Afinal, a Arábia Saudita está ciente de que China e Rússia estão estreitamente alinhadas com o Irã, o que poderia se tornar um problema se Riad algum dia decidisse militarizar seu programa nuclear.

Israel está bloqueando um acordo nuclear EUA-Saudita?

Mesmo que Israel tenha ficado calado até agora, continua se opondo aos países árabes que enriquecem urânio em seu território, de acordo com Ilan Goldenberg, diretor do Programa de Segurança do Oriente Médio no Centro para uma Nova Segurança Americana. Essa política torna mais difícil para os Estados Unidos chegarem a um acordo nuclear com os sauditas que descarta um futuro programa militar, argumentou.

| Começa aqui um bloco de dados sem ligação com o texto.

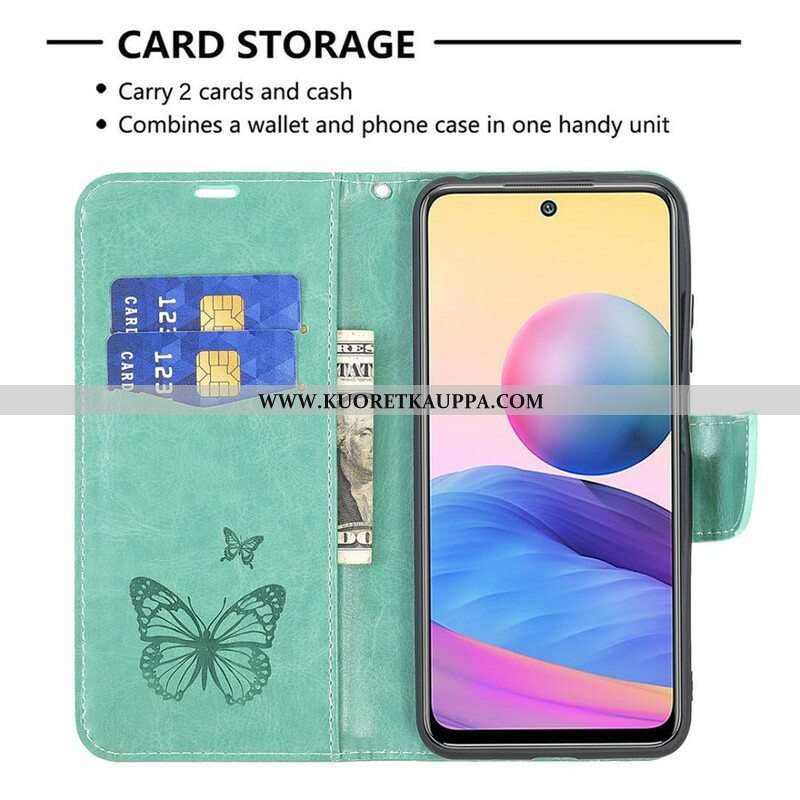 Kotelot Xiaomi Redmi Note 10 5G Suojaketju Kuori Perhosille Painettu Olkahihna

“A melhor maneira de evitar que a Arábia Saudita obtenha armas nucleares é por meio do melhor acordo de programa nuclear civil possível, que impõe restrições significativas às atividades nucleares que poderiam ser aproveitadas para um programa de armas”, disse Goldenberg. “Mas, até agora, Israel se opôs fortemente a qualquer acordo 123 entre os EUA e a Arábia Saudita que não implique a renúncia de todo enriquecimento doméstico.”

Esta foto divulgada pela Organização de Energia Atômica do Irã em 5 de novembro de 2019 mostra máquinas centrífugas na instalação de enriquecimento de urânio de Natanz, no centro do Irã. (Organização de Energia Atômica do Irã via AP)

Os chamados “acordos 123”, em homenagem à seção 123 da Lei de Energia Atômica aprovada pelo Congresso em 1954, exigem acordos de cooperação nuclear com governos estrangeiros para atender a vários critérios de não proliferação.

No clima político atual, pedir à Arábia Saudita que concorde que não terá permissão para enriquecer urânio – algo que o Irã foi autorizado a fazer mesmo sob o agora amplamente extinto acordo nuclear de 2015 – é “irreal”, de acordo com Goldenberg.

“E o resultado final de uma linha tão dura é que os sauditas apenas fecharão negócios com os chineses muito menos restritivos”, previu.

“Portanto, o que Israel deveria fazer é ter discussões profundas com os EUA sobre um acordo 123 para os sauditas, mas, em última instância, apoiar algo realista que seja alcançável e garantir que o programa da Arábia Saudita permaneça de natureza civil.”